***
Проповедует баловень власти,
грустно усом седым шевеля,
что рождается смертный для счастья,
будто птица — парения для.
Беломорский вития, о чем ты
беспокоишься, плачешь о ком,
в длани старческой, словно почетный
знак, сжимая стакан с мышьяком?
И пока прокаженный в пустыне
приближаться к себе не велит,
и твердит свои речи простые,
и далекого Бога хулит, —
знаем мы — зря бунтующий житель
так ярится на участь свою.
Отчитает его Вседержитель,
и здоровье вернет, и семью.
Все пройдет, все пойдет, как по нотам,
будет сентиментален конец,
прослезится Всесильный, вернет он
и верблюдов ему, и овец.
Что ж печальны Адамовы внуки?
Или мало им дома тоски,
где бросается горлица в руки,
и сухие стропила крепки?
Или мало дневного улова
и невольных вечерних забот?
Но листающий книгу Иова
словно жидкое олово пьет.
***
Ах жизнь — бессонница, непарный шелкопряд…

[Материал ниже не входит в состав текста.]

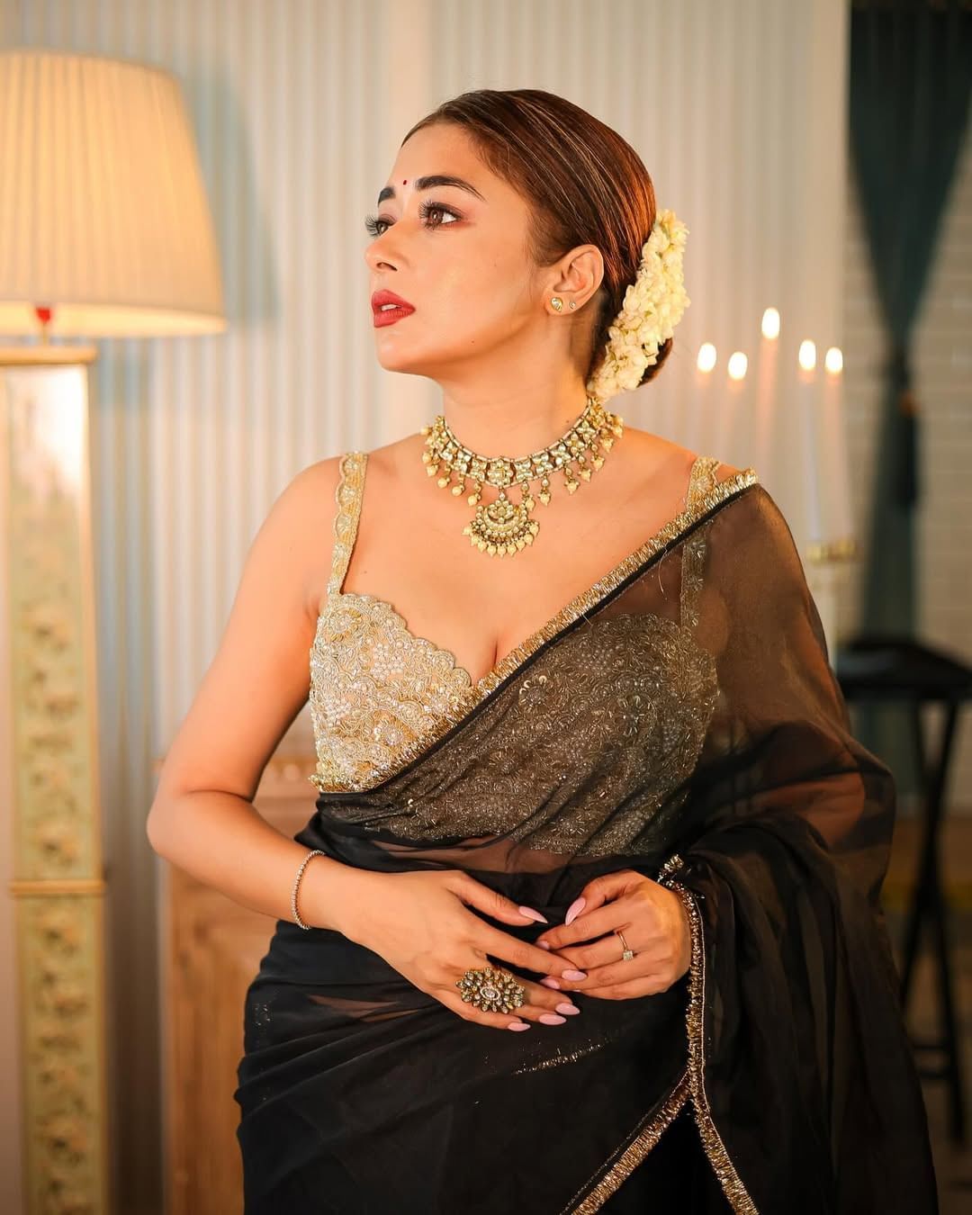 ਟੀਨਾ ਦੱਤਾ ਦਾ ਇਹ ਲੁੱਕ ਤਿਉਹਾਰਾਂ ਦੇ ਸੀਜ਼ਨ ਦੌਰਾਨ ਕਾਫੀ ਐਲੀਗੈਂਟ ਹੈ। ਅਦਾਕਾਰਾ ਨੇ ਭਾਰੀ ਸੁਨਹਿਰੀ ਬਾਰਡਰ ਵਾਲੀ ਗੁਲਾਬੀ ਸਿਲਕ ਸਾੜੀ ਪਹਿਨੀ ਹੈ । ਇਸਦੇ ਨਾਲ ਹੀ ਕਲਾਸਿਕ ਲੁੱਕ ਲਈ ਗਜਰਾ ਵੀ ਵਾਲਾਂ ਵਿੱਚ ਲਗਾਇਆ ਹੈ ।
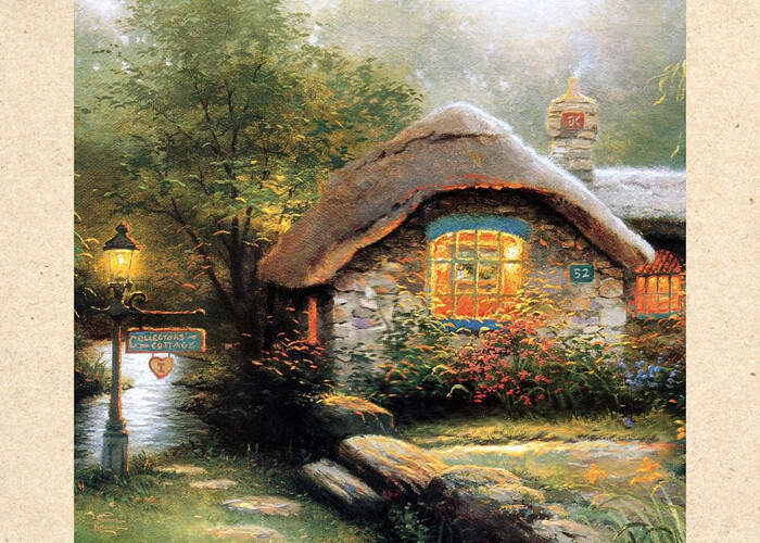 Живописное изображение каменного коттеджа с соломенной крышей, окруженного зеленью и цветами. На переднем плане видна дорожка и фонарный столб.
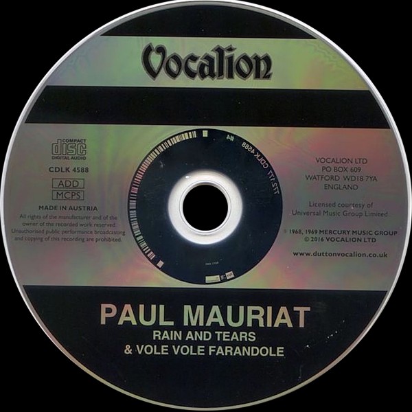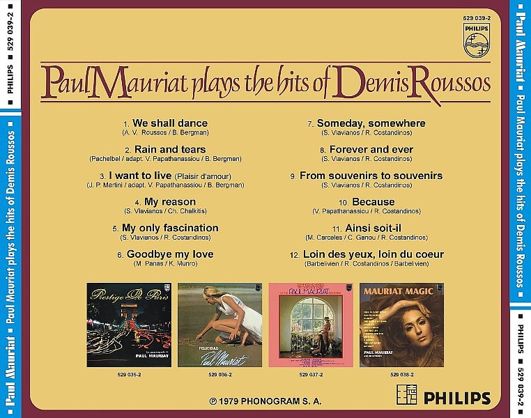 Nota Bene: i dischi di Paul Mauriat che includono brani degli Aphrodite's Child (quasi sempre Rain and tears o I want to live) sono innumerevoli. In questa pagina, per evitare che risutasse molto dispersiva, sono riportati solo alcuni di questi dischi.
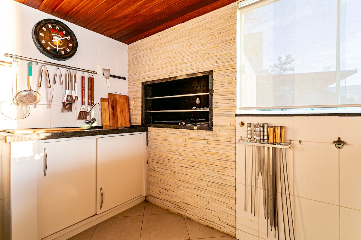 O chalé é totalmente equipado para uma estadia confortável e inesquecível: Quarto • Quarto aconchegante com sacada e vista para o pôr do sol Sala • Sofá confortável para relaxar depois da praia • Smart TV • Ar-condicionado Cozinha completa • Utensílios para preparar refeições completas Banheiro • Chuveiro com aquecimento a gás Relaxamento • Banheira de hidromassagem para momentos de descanso a dois À noite, o clima é silencioso com céu estrelado e a brisa suave vinda do mar.
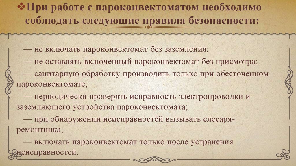 При работе с пароконвектоматом необходимособлюдать следующие правила безопасности:
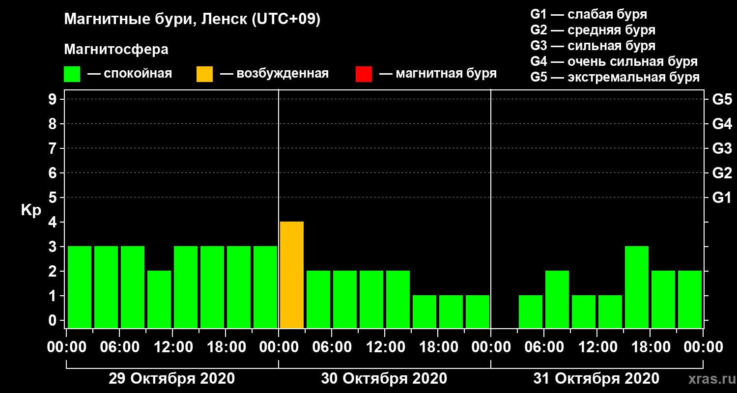 Изменения геомагнитного индекса Kp с 29 по 31 октября 2020 года для средних широт
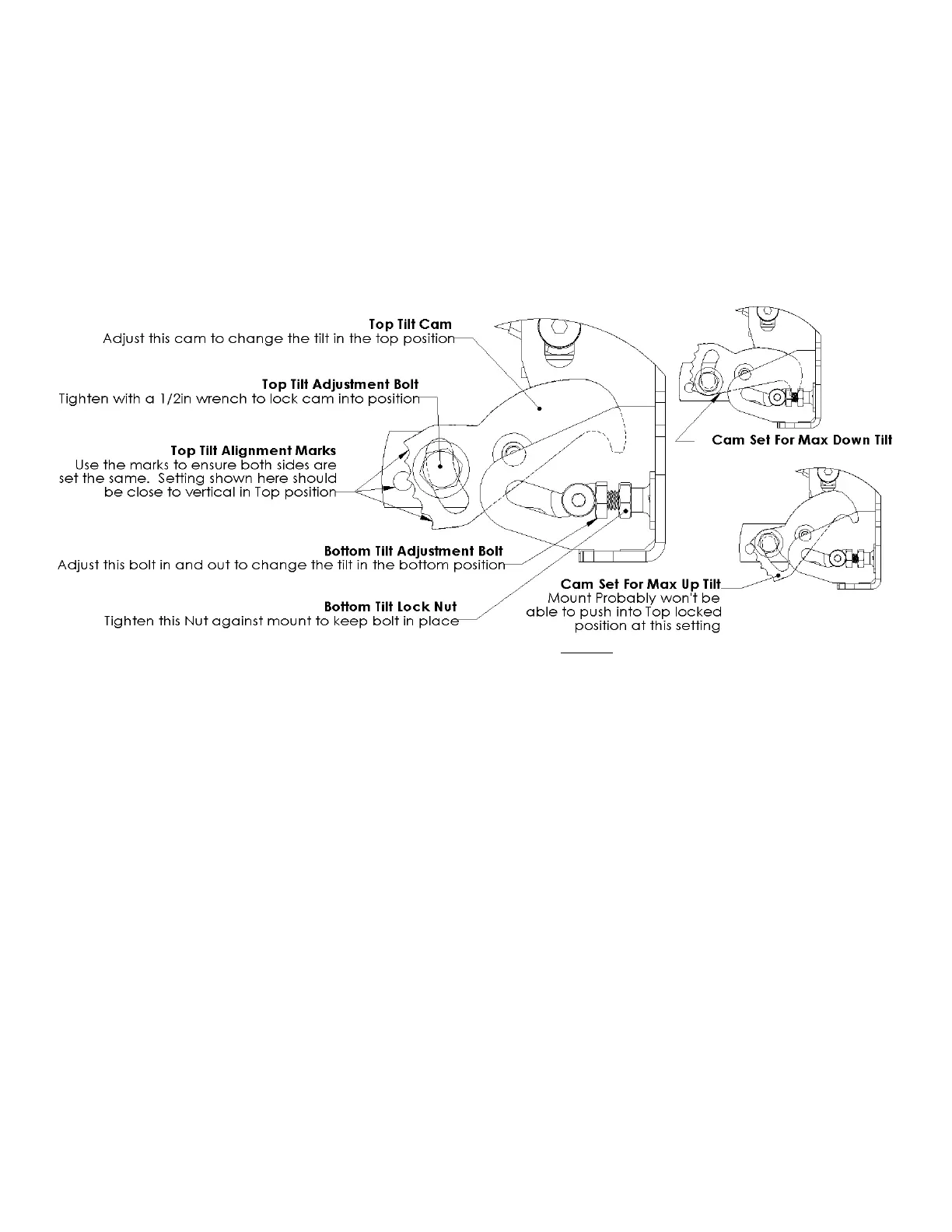 and so there isn’t any force on the cam. Adjust the Top Tilt Cam to the desired position and tighten with a 1/2 inch box wrench. There
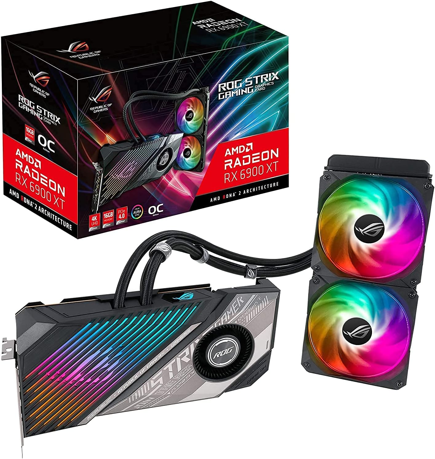 Tarjeta gráfica de juego ASUS ROG Strix LC AMD Radeon™ RX 6900 XT TOP Edition (AMD RDNA™ 2, PCIe 4.0, 16GB GDDR6, HDMI 2.1, DisplayPort 1.4a, placa de enfriamiento de cobertura completa, radiador de 240mm, tubería de 600mm)
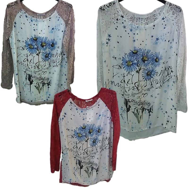 Original  camiseta, de manga larga 3/4 calada, con las mangas de blonda, en color blanco, o malva o rojo. Toque extremado para un estilo casual.
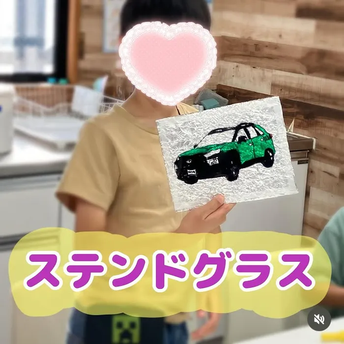 クリアファイルに絵を描いてアルミホイルの台に貼り付けるとキラキラ光るステンドグラス風アート🎨✨
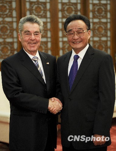 1月21日,中国全国人大常委会委员长吴邦国在北京人民大会堂会见了奥地利总统菲舍尔一行。中新社发 廖攀 摄
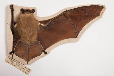 Тушка с черепом. Поздний горный кожан. Eptesicus serotinus Schreber,1774. Классификация: Хордовые Chordata, Позвоночные Vertebrata, Млекопитающие Mammalia, Рукокрылые Chiroptera, Гладконосые Vespertilionidae, Поздний горный кожан Eptesicus serotinus Schreber,1774
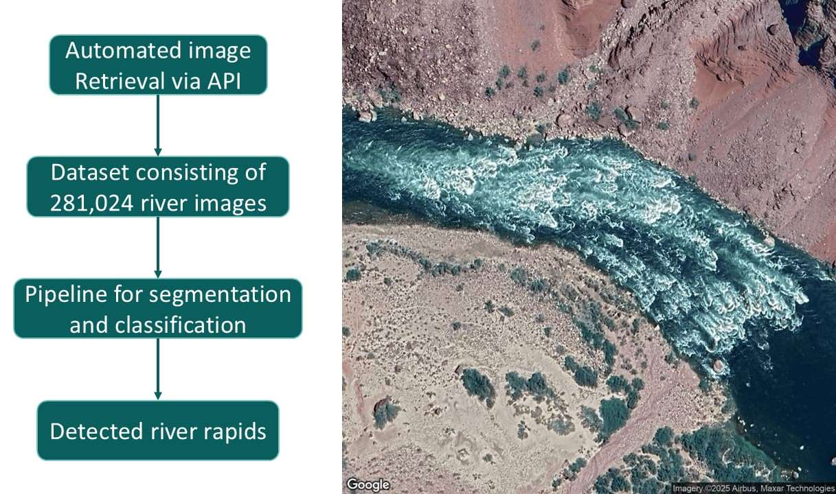 - Establishes a hydrologic dataset that enables new machine learning approaches for characterizing rivers via remote sensing, including advanced river segmentation and detection of rapids.
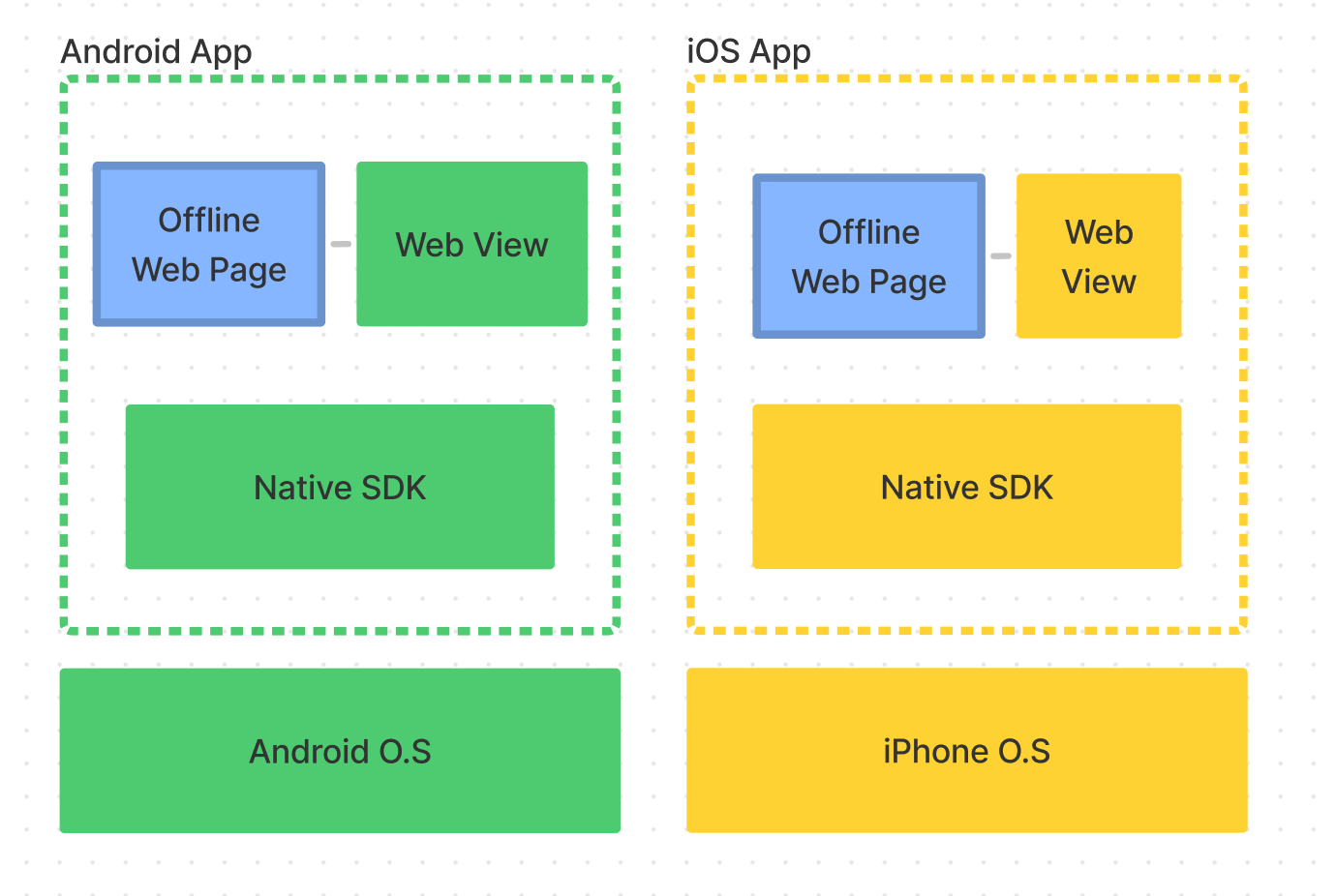 • O.S 자체의 기능(카메라, 파일 접근, 시리얼 통신, NFC 등)을 쓰려면, 각 O.S 별로 네이티브 개발을 추가적으로 해야합니다.
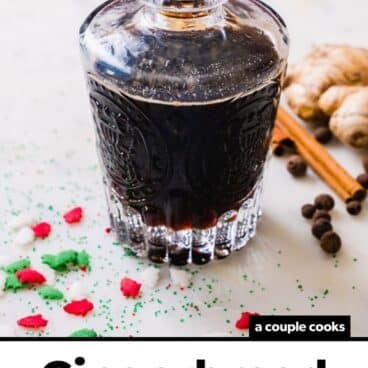 This gingerbread syrup recipe makes ½ cup syrup, which was perfect for us for making small batch Christmas cocktails. But if you’re entertaining, you’ll likely want to make a larger batch. Jump to the recipe below and click the 2x or 3x buttons to easily scale up your recipe.
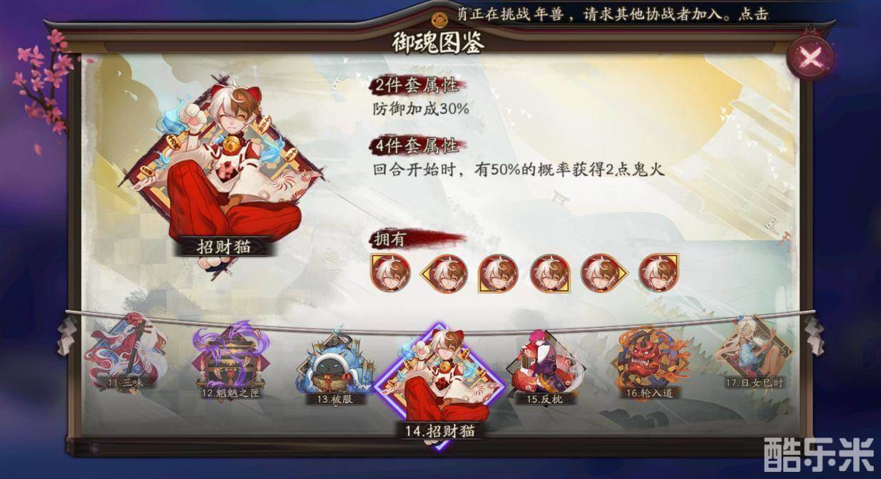 招财猫御魂在回合开始时,有50%的概率可以获得两点鬼火,兔丸的大招只需要两点鬼火就能释放,完全可以自己供应鬼火,省下大部分鬼火供其他式神使用。
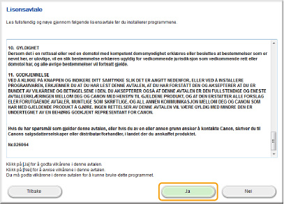 Les lisensavtalen og klikk på [Ja] for å godta.

о чем, товарищ мой, цыгане говорят?
И даром, что костер — а ночь все холодней,
коней ворованных, стреноженных коней
родное ржание, гитары хриплый ток,
да искры рвутся вверх… Закутано в платок,
дитя глядит в огонь, не зная, отчего
во мгле древесное бушует вещество
и молчаливые пылают мотыльки —
и мы неграмотны, и мы недалеки…
***
В ожидании весны старожилу суждены
сны о конопляных рощах, о полях, где зреет мак,
о мерцании в умах, и о том, что время проще,
чем считается — оно не чугун, а полотно,
проминается, и длится, и сияет, все простив,
будто рыжий негатив на туринской плащанице.
Пустотелая игла, словно зимний куст, гола,
Каркая под половицей черной лапой шевелит,
Или сердце не болит? или прошлого боится?
Светит месяц над рекой. Пощади и успокой.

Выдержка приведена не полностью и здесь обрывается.